Drug interactions can alter the way in which your prescriptions work or raise the likelihood that you will have major adverse effects. This document does not contain all possible medication interactions. Maintain a list of all the goods you use, including prescription and over-the-counter medications, as well as herbal remedies, and give it to both your primary care physician and your pharmacist. Without first consulting your physician, you should never alter the dosage of any medication, stop taking any medication, or start taking any new medication.
This medicine has the potential to provide false positive findings when used in conjunction with particular diabetic urine testing products (cupric sulfate-type). Additionally, the outcomes of some laboratory tests could be impacted by this medication. Make sure that the people working in the laboratory and your doctors are aware that you are taking this medication.

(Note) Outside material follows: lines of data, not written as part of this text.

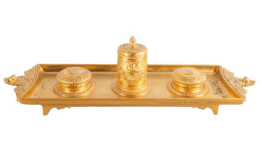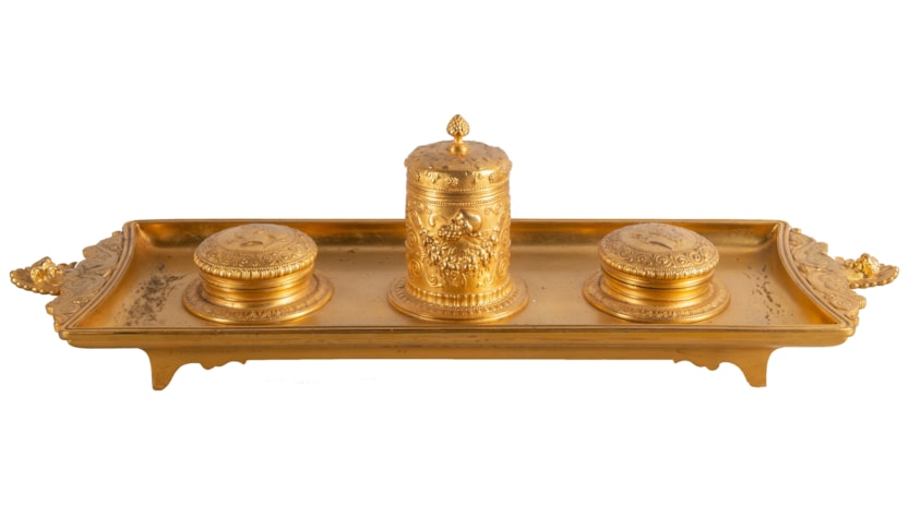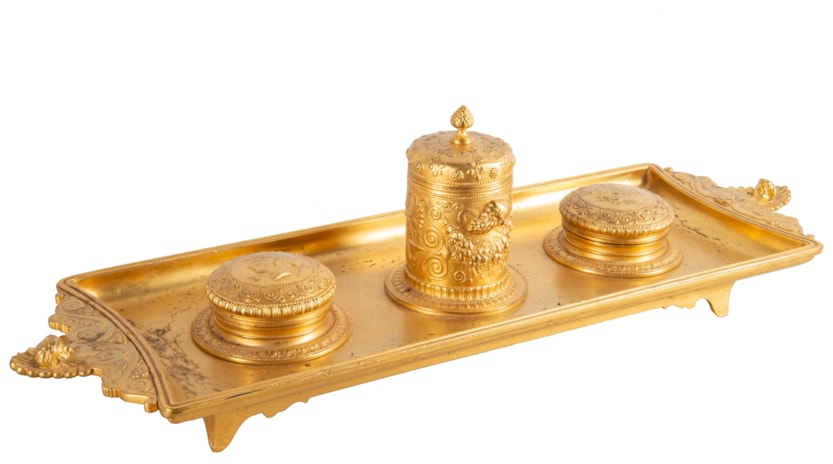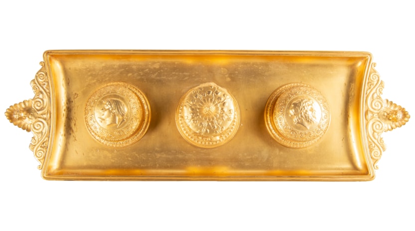 Home > C19th Grand tour influenced gilded ormolu ink well. Stamped; Barbedienne
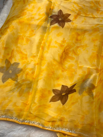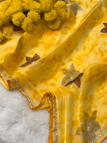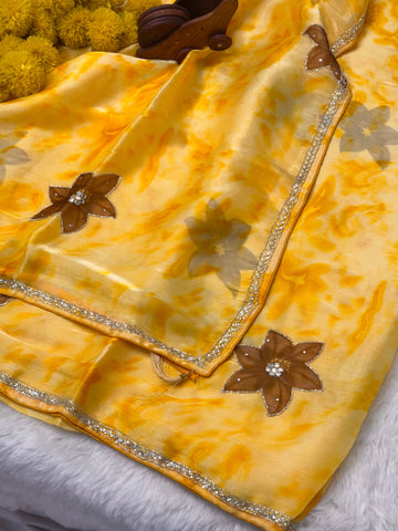 Yellow Chinon Floral Saree with 3D Applique & Sequin Border
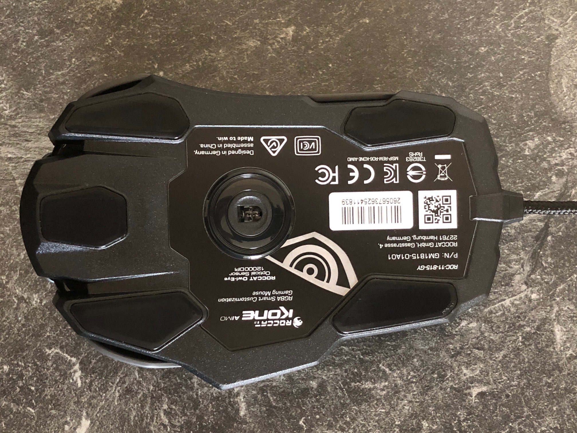Auf der Unterseite der Maus befinden sich fünf große Teflon-Mausglides, die für ein sanftes und gleichmäßiges Gleiten verantwortlich sind. Natürlich befindet sich hier auch der optische Owl-Eye-Sensor, der ein modifizierter Pixart PMW 3361 ist und den Untergrund per IR-LED abtastet. Die Abtastrate dieses Sensors liegt bei maximal 12.000 DPI, die in 100er Schritten an die Wünsche des Nutzers angepasst werden kann.
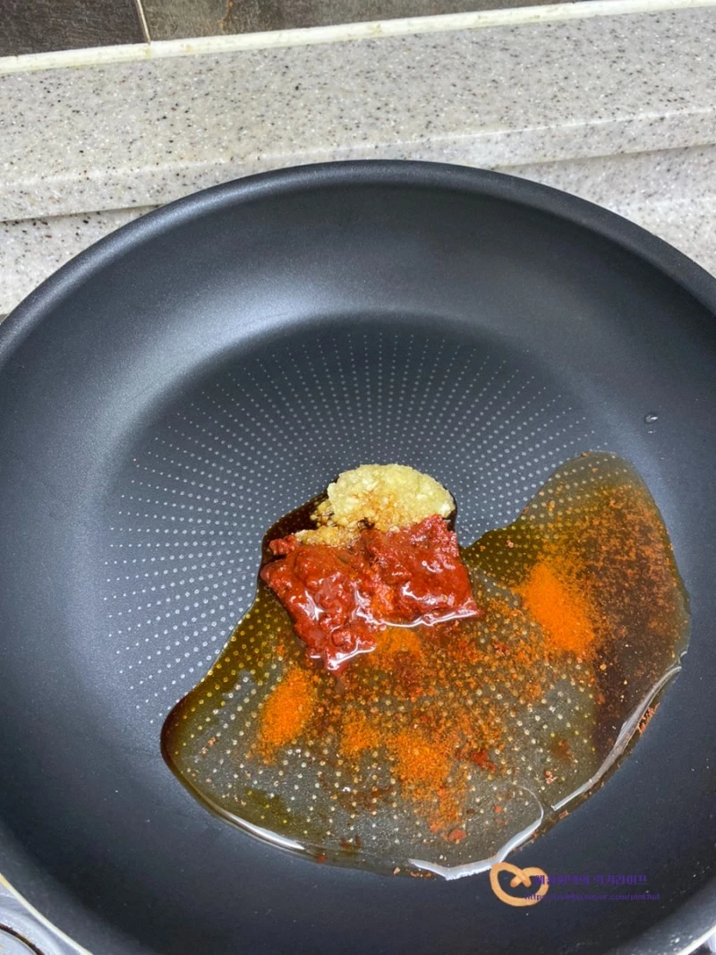 팬에 다진마늘 1T, 고추장 1.5T, 고춧가루 1T,
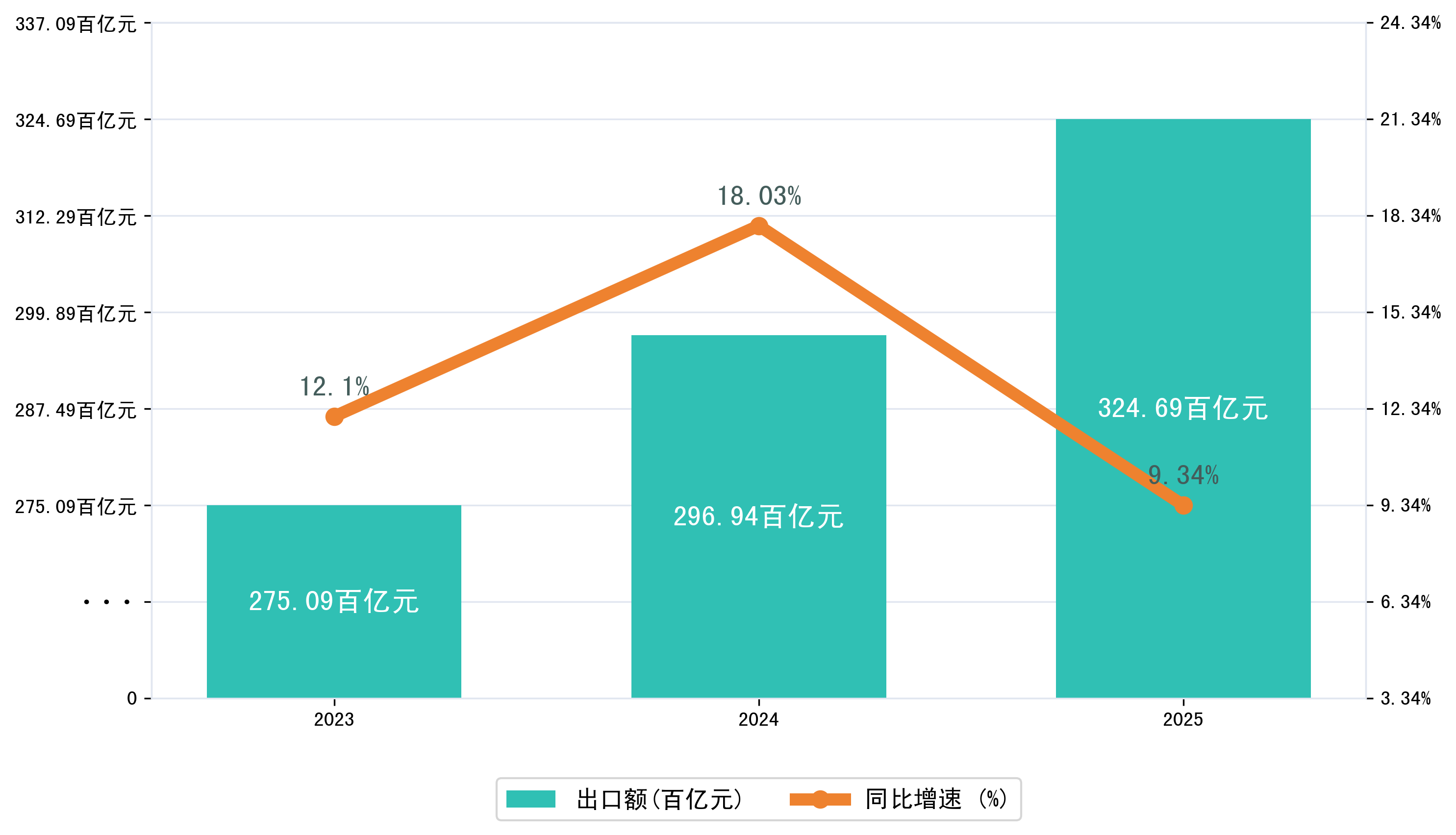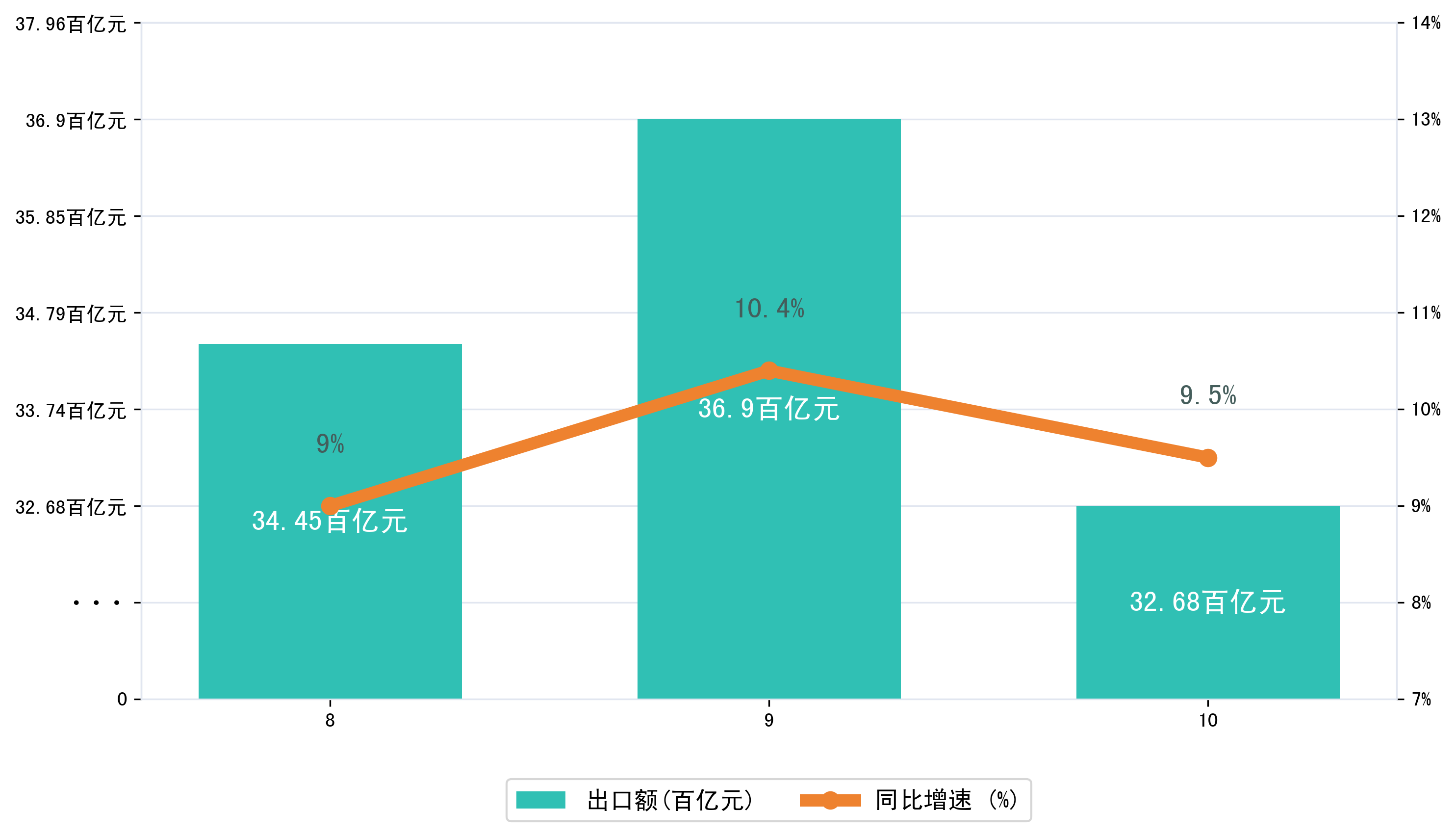 以人民币计,2025年1-10月江苏省出口额为3,2468,8720.0317万元,相比上年同期增加了2774,4762.7382万元,同比增加了9.50%。
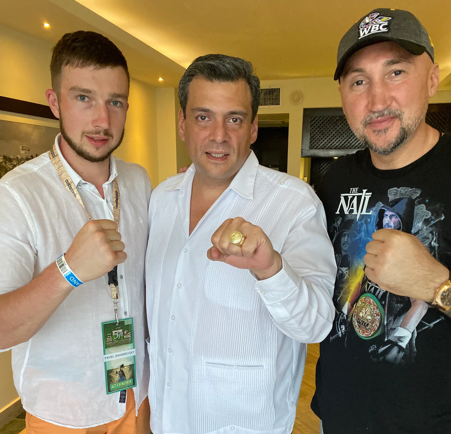 Вообще это долгая история. Но если вкратце, нас познакомили с Маурисио (*Маурисио Сулейман - президент World Boxing Council - прим. редактора), мы хорошо себя показали в делах и начали сотрудничать. Практически не один громкий вечер в мире бокса не обходится без зеленого пояса WBC, соответсвенно для нас это также зеленый свет на посещение мероприятий и знакомство с актуальными чемпионами и легендами бокса. Этому сотрудничеству очень поспособствовало наше знание испанского языка, отсюда совет молодежи - в независимости от выбора ремесла, учите языки это вам очень поможет.
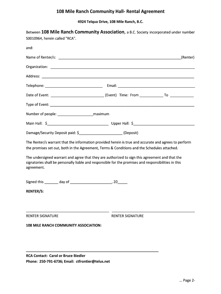 108 Mile Ranch Community Hall Rental Agreement 4924 Tel qua Drive, 108 Mile Ranch, B.C. Between 108 Mile Ranch Community Association, a B.C. Society incorporated under number S0010964, herein called
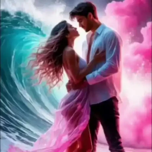 Casal se beijando em frente a uma onda gigante do mar, com nuvens cor-de-rosa ao fundo. O homem está vestido com uma camisa branca e calça preta, enquanto a mulher usa um vestido rosa.
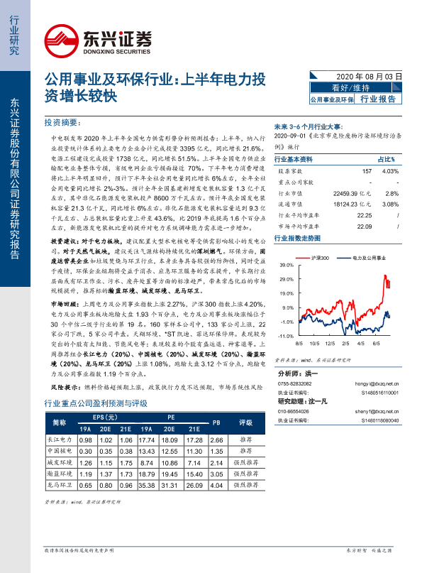 【东兴证券】【20200803】公用事业及环保行业:上半年电力投资增长较快-7页
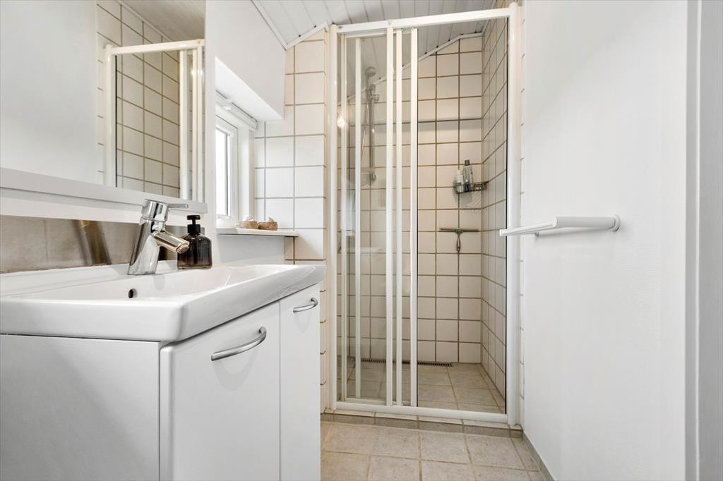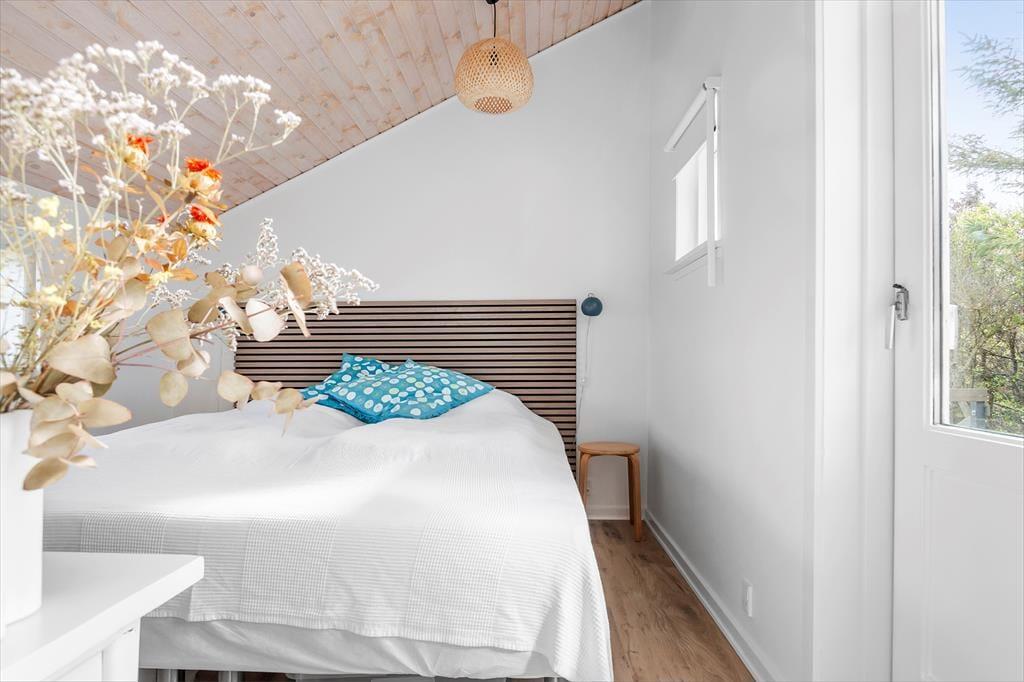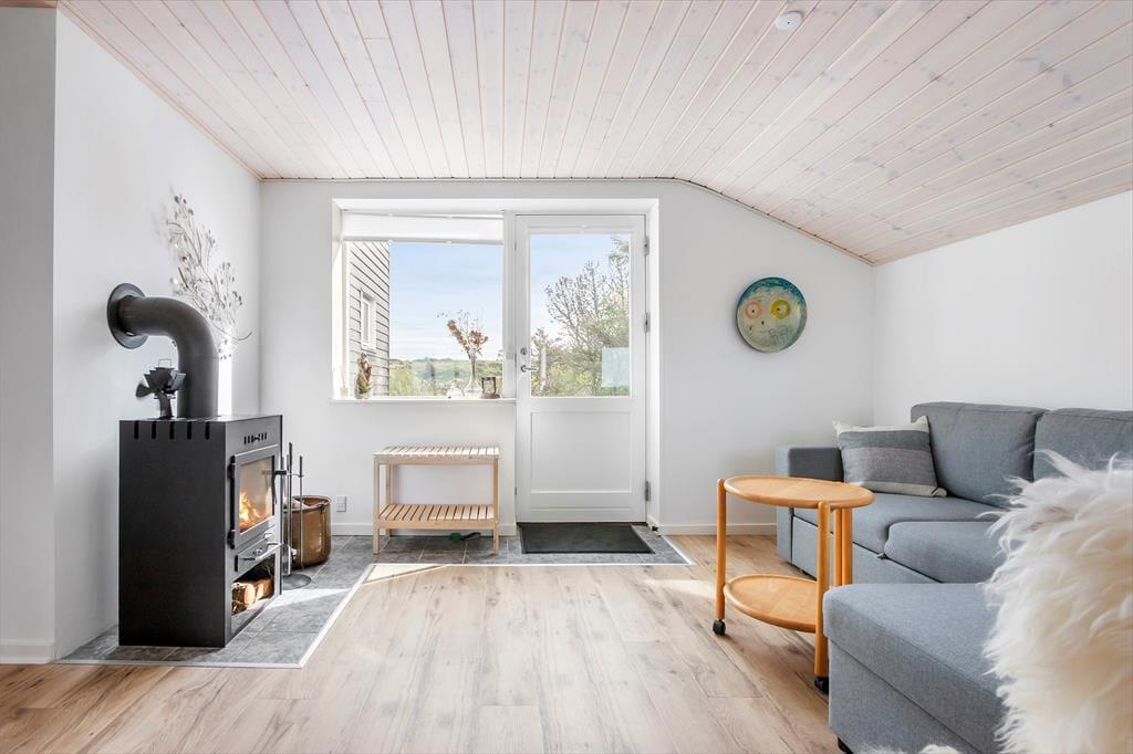 Med sin åbne planløsning og pæne stand efter seneste renovering i 2023 passer sommerhuset perfekt til to personer, der drømmer om at slappe af i lyse og velfungerende rammer. Huset ligger på en lille bakketop, så I har godt udsyn over det kuperede landskab og får samtidig glæde af det særlige lys, der præger kyststrækningen. Planløsningen byder på et godt soveværelse med dobbeltseng og direkte udgang til terrassen. Et badeværelse med bruseniche og et moderne indrettet køkken er der også inden døre – og netop køkkenet er integreret med stuen, så I kan hyggesnakke, selvom det kun er den ene af jer, der er i gang med at kræse om maden. Der er både brændeovn og varmepumpe i opholdsafdelingen, og den ene sofa er for øvrigt en sovesofa.
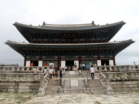 Giữa dòng xe cộ tấp nập, hàng nối hàng của một thành phố hơn 10 triệu dân, bỗng nhiên chúng ta bắt gặp khoảng lặng như nốt nhạc lên cao rồi xuống trầm, đó là khung cảnh trầm mặc của Cung điện Gyongbok, nơi ghi dấu triều đại phong kiến Chosun. Cung điện nằm giữa thành phố, lọt thỏm trong những tòa nhà cao tầng, về cơ bản được phục dựng lại mới vài chục năm gần đây. Chiến tranh, ly tán, đất nước bị chiếm đóng đã tàn phá nặng nề những công trình kiến trúc quý báu của người dân Hàn Quốc. Khi nền kinh tế được phục hồi, họ bắt tay xây dựng lại trên nền những thành quách xưa với hình hài, kiến trúc gần như không thay đổi so với hàng trăm năm trước.
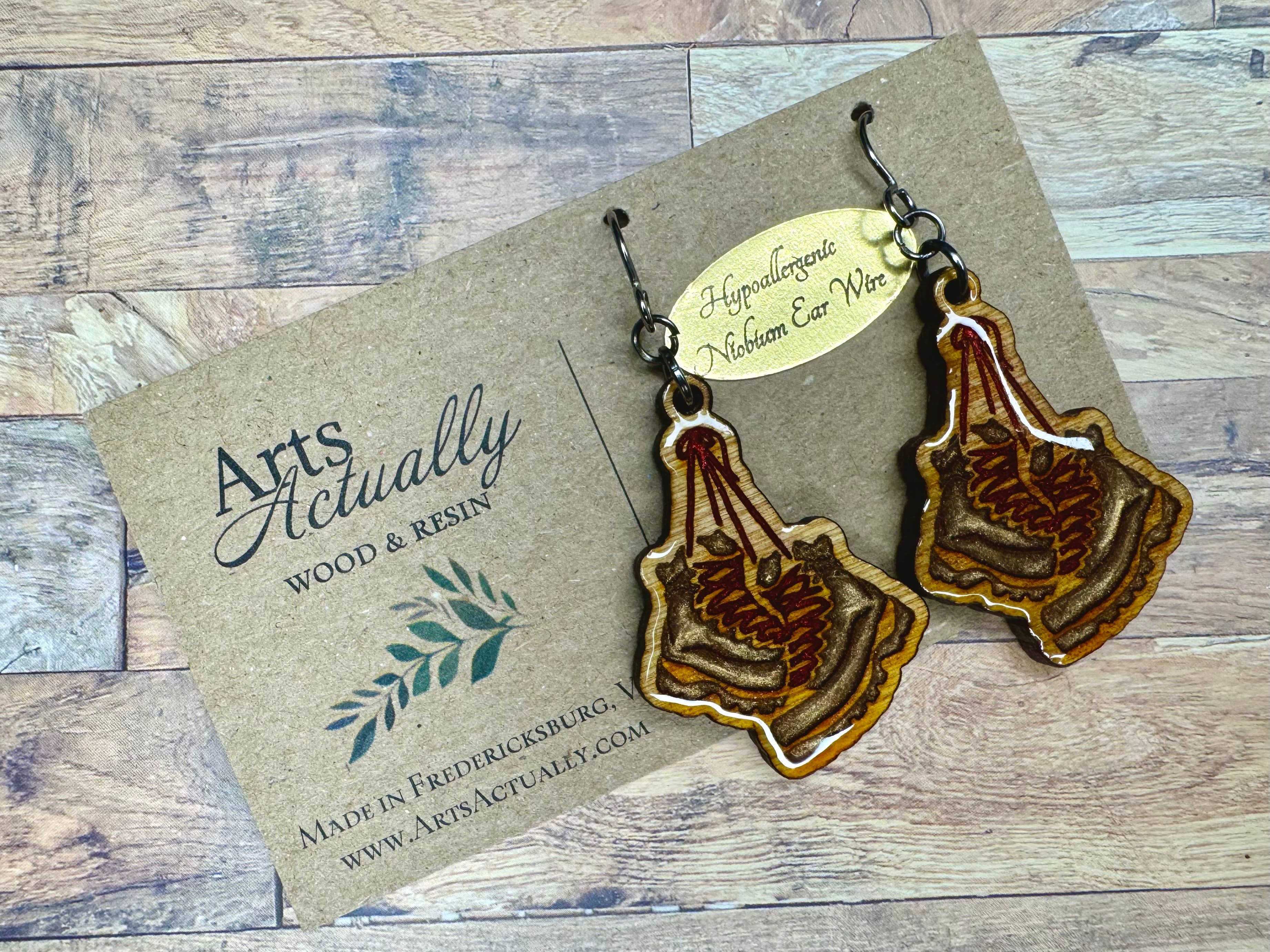 Hello, friends! My name is MJ, and I'm a wife, mother, and coffee shop/roastery owner who loves creating. I picked up the art of pyrography (woodburning) in 2013 when I decided I wanted all the signs at my coffee shop to be burned by hand, and eventually that turned into burning artwork and laser engraving as well. I've been selling my creations in my coffee shop since 2015 and since they've always sold incredibly well, I recently decided to start accepting local wholesale clients as well, inevitably resulting in expanding onto Faire! I love the earrings I make because they're lightweight, fun, and hung on hypoallergenic niobium ear wire! This makes them a perfect gift item. The lip butters I make are natural and handmade, and have always been a big seller for me, developing a bit of a cult following behind them. I've been making these since 2012, when I worked hard to develop a recipe for a lip balm that has safe ingredients, staying power, and won't dry out or chap your lips! Another feature people like about this lip butter is that it's pleasantly scented. Oftentimes lip balms can have a strong scent that takes over your nose when you apply it, but this has a sweet subtle scent of orange and honey. My Epic Map collection is a fun way to display your local region! All maps are sanded and finished with multiple layers of a UV-protectant spar-urethane, which both protects from the sun and protects the live bark edges so they are no longer fragile.

Dial 911 if you suspect that someone has overdosed and they are exhibiting serious symptoms such as passing out or having problems breathing. In any other case, you should immediately contact a poison control centre. To reach the poison control centre for your area in the United States, dial 1-800-222-1222. Canada residents can call a provincial poison control centre. Seizures and extreme vomiting are two of the possible symptoms of an overdose.
This drug should not be given to anyone else.
This drug has been given to you specifically for the treatment of your current condition. If you have another illness in the future, you should not use it unless your doctor tells you to.
If you forget to take a dose, take it as soon as you realise you forgot it. If it is getting close to the time of the next dose, you should forgo the dose that you missed. Apply the following dose at the typical interval. It is not necessary to double the dose in order to catch up.
Keep at room temperature and away from light and moisture. Store at room temperature. Keep away from the bathroom at all costs. Always make sure that children and animals are kept well away from any medications.
Unless you have been specifically told to do so, you should not flush drugs down the toilet or pour them down a drain. When it is no longer needed or has passed its expiration date, dispose of this product in the appropriate manner. Talk to your neighbourhood pharmacy or the firm that handles garbage disposal in your area.